◆ EXERCISE REQUIREMENTS
Copy out the data that comes next, character for character, and leave the images aside.
------ WORKING DATA ------
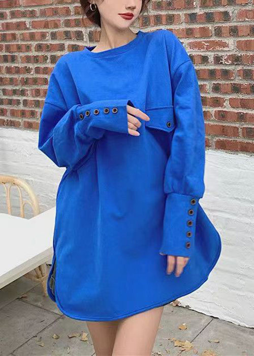 Plus Size Blue Hooded Patchwork Side Open Cotton Sweatshirt Dress Fall
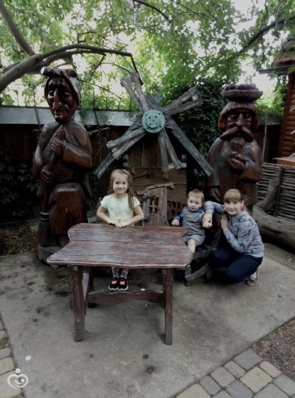 так же на територии есть 6 хат разных регионов Украины, посещение детям до 6лет бесплатно, старше 5грн/хата, проводят экскурсию. Мы пока их не посещали, времени было мало, папа спешил на работу.
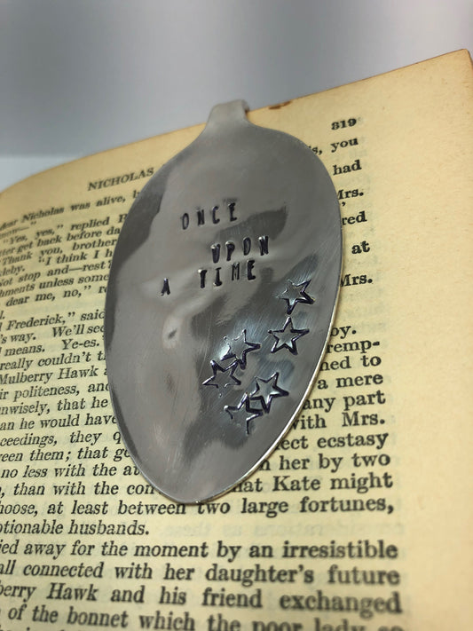 Spoon Bookmark on elastic cord made from a Vintage Spoon with “ ONE MORE PAGE”
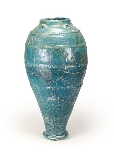 展覽展出的孔雀藍釉陶瓶。
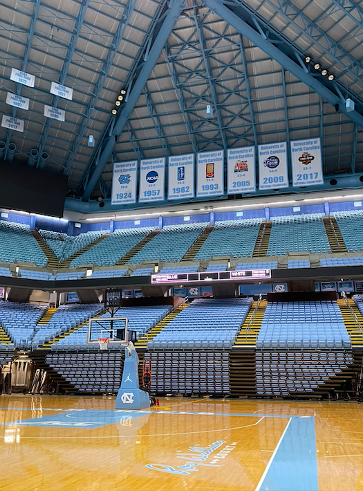 Très vite, tout le monde s’émerveille devant le prestige de cette enceinte, chargée d’histoire, où sont fièrement disposées au plafond une ribambelle de bannières. Bannières qui accompagnent les quelques maillots retirés par la fac, dont le N°23 de Michael Jordan, bien évidemment.
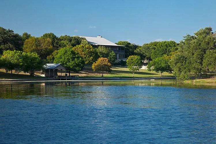 On the outskirts of Kerrville, Texas, along the historic Western Cattle Trail to Dodge City, Kansas, and beyond is this 55+-acre Town Creek Estate Ranch. The main residence overlooks a beautiful lake on Town Creek and is comprised of 15,000 plus square feet. The estate is perfectly situated and configured for luxury living and lavish or relaxed Texas Hill Country entertainment. The estate accentuates indoor and outdoor living with a large 50- by 30-foot pool and spa, outdoor fireplaces, and fire pits for outside entertainment during the mild Hill Country nights.
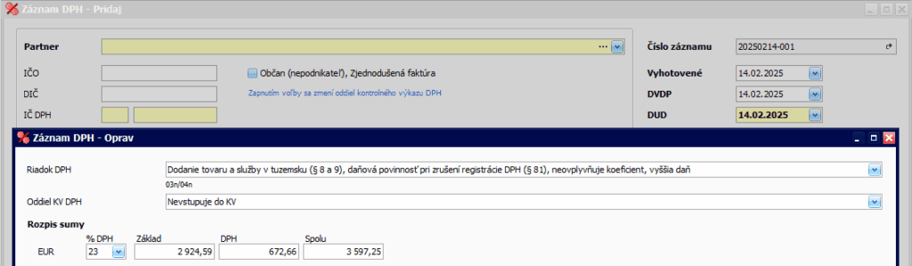 - Sumu zaúčtujte priamo v evidencii DPH tlačidlom Pridaj, kde vyplňte dátumy, prípadne partnera,
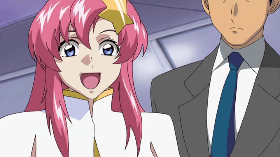 As the battle rages, Athrun waits on the sidelines for a chance to talk to Dullindal. He is surprised to encounter a young woman who looks just like Lacus, and is even more stunned when the impostor greets him as if they were long-separated lovers.
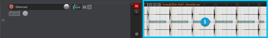 Region/Marker Manager와 타임라인 위에 있는 Region Track에서는 합성 사운드 Shot을 형성하기 위해 결합되는 모든 구역(region)을 볼 수 있습니다. 또한 각 무기의 재장전이나 조작을 위한 특정한 구역이 지정되어 있습니다. 이 구역들은 Foley Composite 트랙에서 렌더링하도록 설정됩니다.
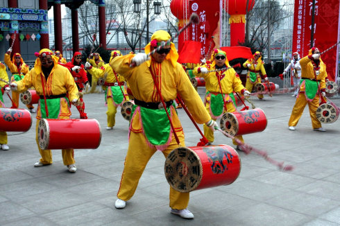 兰州太平鼓是一种传统民间艺术,至今已有600多年的历史了。关于太平鼓的来源,众说不一,一个说法是明朝朱元璋命大将徐达,冯胜率军西征,元朝王保固守兰州,久攻不下,适值元宵,兰州城闹社火,徐达受到启发,命士兵伪装耍社火,让士兵将兵器藏在长鼓中,乔装打扮,混入城中,锣鼓为号,旗卷而偃,旗开而攻,里应外合,攻克了城关。为庆贺克敌制胜,祝愿天下太平,所以称此鼓为太平鼓,又称得胜鼓。1999年10月,永登县若水镇红玫瑰村鼓队赴太原参加国际锣鼓节,皋兰县石洞镇郭家坪村的一支鼓队进京参加"龙潭杯"全国民间花会大赛的角逐,独占鳌头,捧回金杯。天下第一太平鼓将成为一个带有传奇色彩的美丽动人的传说,在皋兰县一代代传下去。有一年,皋兰县西岔镇铧尖村的八十位精壮男儿以"中国兰州太平鼓队"的名义,挥着祖祖辈辈传下来的大鼓劲了北京城,在第十一届亚洲运动会艺术节上独领风骚,出尽了风头,赢得了天下第一鼓的盛誉。这黄土地上的鼓,不正是我们所希望的一种体现民族精神的文化吗?
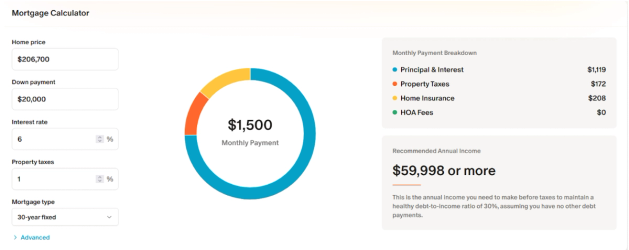 From there, we can look at how much house you can afford. Assuming you have no other debts, and with an interest rate of 6%, taxes at 1% yearly of the house value, and insurance at $2,500 a year, you can afford a home up to $206,700. You can use a mortgage calculator to fiddle with the numbers and see exactly how much you can afford based on your income.
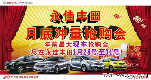 [导读] 新春献礼、惊喜不断,广汽丰田东莞永佳厚街店为冲刺春节前最后一个月底,现举行大型活动“月底冲量抢购会”。
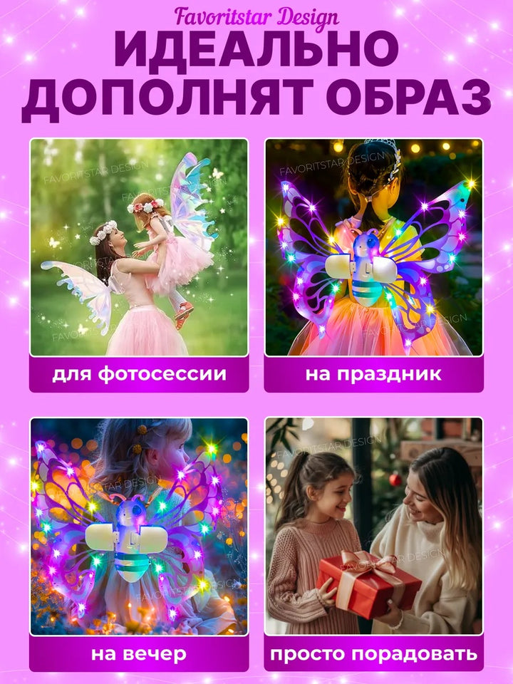 - 🧚 Aripi luminoase cu LED-uri – efecte spectaculoase și culori vii care încântă copiii.
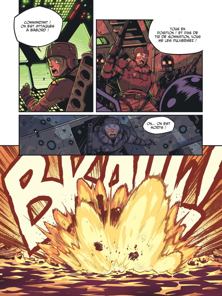 S. R. : Je me suis rendu compte en écrivant qu’il fallait l’épurer parce que j’allais avoir beaucoup de robots. Il n’y a que dans le T1 où le robot de fin est un peu dur au niveau du design, parce que je me suis rendu compte que ça allait être un enfer sur 150 pages.
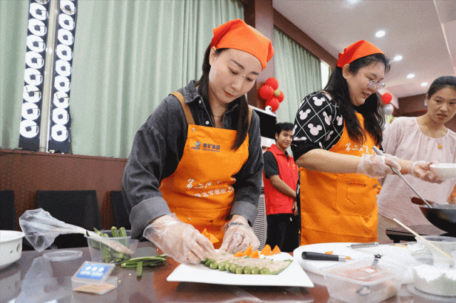 比赛中,“大厨”们从洗菜切菜开始,对菜品进行“精雕细琢”。炸、煎、蒸、炒、煮,出锅、摆盘……一整套动作行云流水,既展示了高超技艺,也在“炫耀”着幸福生活。
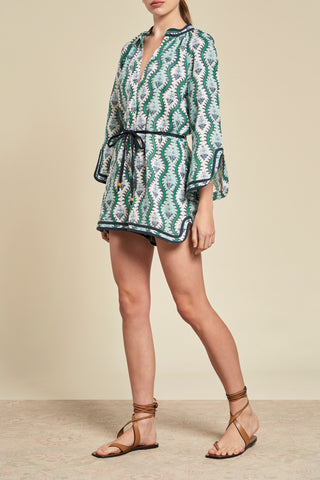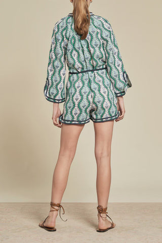 Reminiscent of rainforest retreats and tropical jungles, the Almeda Playsuit is made from luxurious linen in a hand dyed and block printed botanical pattern. With open raglan sleeves and a trapeze body fit, step into the Almeda for a sophisticated take on the printed playsuit.
------
◆ ANSWER BOX
 Plus Size Blue Hooded Patchwork Side Open Cotton Sweatshirt Dress Fall
 так же на територии есть 6 хат разных регионов Украины, посещение детям до 6лет бесплатно, старше 5грн/хата, проводят экскурсию. Мы пока их не посещали, времени было мало, папа спешил на работу.
 Spoon Bookmark on elastic cord made from a Vintage Spoon with “ ONE MORE PAGE”
 展覽展出的孔雀藍釉陶瓶。
 Très vite, tout le monde s’émerveille devant le prestige de cette enceinte, chargée d’histoire, où sont fièrement disposées au plafond une ribambelle de bannières. Bannières qui accompagnent les quelques maillots retirés par la fac, dont le N°23 de Michael Jordan, bien évidemment.
 On the outskirts of Kerrville, Texas, along the historic Western Cattle Trail to Dodge City, Kansas, and beyond is this 55+-acre Town Creek Estate Ranch. The main residence overlooks a beautiful lake on Town Creek and is comprised of 15,000 plus square feet. The estate is perfectly situated and configured for luxury living and lavish or relaxed Texas Hill Country entertainment. The estate accentuates indoor and outdoor living with a large 50- by 30-foot pool and spa, outdoor fireplaces, and fire pits for outside entertainment during the mild Hill Country nights.
 - Sumu zaúčtujte priamo v evidencii DPH tlačidlom Pridaj, kde vyplňte dátumy, prípadne partnera,
 As the battle rages, Athrun waits on the sidelines for a chance to talk to Dullindal. He is surprised to encounter a young woman who looks just like Lacus, and is even more stunned when the impostor greets him as if they were long-separated lovers.
 Region/Marker Manager와 타임라인 위에 있는 Region Track에서는 합성 사운드 Shot을 형성하기 위해 결합되는 모든 구역(region)을 볼 수 있습니다. 또한 각 무기의 재장전이나 조작을 위한 특정한 구역이 지정되어 있습니다. 이 구역들은 Foley Composite 트랙에서 렌더링하도록 설정됩니다.
 兰州太平鼓是一种传统民间艺术,至今已有600多年的历史了。关于太平鼓的来源,众说不一,一个说法是明朝朱元璋命大将徐达,冯胜率军西征,元朝王保固守兰州,久攻不下,适值元宵,兰州城闹社火,徐达受到启发,命士兵伪装耍社火,让士兵将兵器藏在长鼓中,乔装打扮,混入城中,锣鼓为号,旗卷而偃,旗开而攻,里应外合,攻克了城关。为庆贺克敌制胜,祝愿天下太平,所以称此鼓为太平鼓,又称得胜鼓。1999年10月,永登县若水镇红玫瑰村鼓队赴太原参加国际锣鼓节,皋兰县石洞镇郭家坪村的一支鼓队进京参加"龙潭杯"全国民间花会大赛的角逐,独占鳌头,捧回金杯。天下第一太平鼓将成为一个带有传奇色彩的美丽动人的传说,在皋兰县一代代传下去。有一年,皋兰县西岔镇铧尖村的八十位精壮男儿以"中国兰州太平鼓队"的名义,挥着祖祖辈辈传下来的大鼓劲了北京城,在第十一届亚洲运动会艺术节上独领风骚,出尽了风头,赢得了天下第一鼓的盛誉。这黄土地上的鼓,不正是我们所希望的一种体现民族精神的文化吗?
 From there, we can look at how much house you can afford. Assuming you have no other debts, and with an interest rate of 6%, taxes at 1% yearly of the house value, and insurance at $2,500 a year, you can afford a home up to $206,700. You can use a mortgage calculator to fiddle with the numbers and see exactly how much you can afford based on your income.
 [导读] 新春献礼、惊喜不断,广汽丰田东莞永佳厚街店为冲刺春节前最后一个月底,现举行大型活动“月底冲量抢购会”。
 - 🧚 Aripi luminoase cu LED-uri – efecte spectaculoase și culori vii care încântă copiii.
 S. R. : Je me suis rendu compte en écrivant qu’il fallait l’épurer parce que j’allais avoir beaucoup de robots. Il n’y a que dans le T1 où le robot de fin est un peu dur au niveau du design, parce que je me suis rendu compte que ça allait être un enfer sur 150 pages.
 比赛中,“大厨”们从洗菜切菜开始,对菜品进行“精雕细琢”。炸、煎、蒸、炒、煮,出锅、摆盘……一整套动作行云流水,既展示了高超技艺,也在“炫耀”着幸福生活。
 Reminiscent of rainforest retreats and tropical jungles, the Almeda Playsuit is made from luxurious linen in a hand dyed and block printed botanical pattern. With open raglan sleeves and a trapeze body fit, step into the Almeda for a sophisticated take on the printed playsuit.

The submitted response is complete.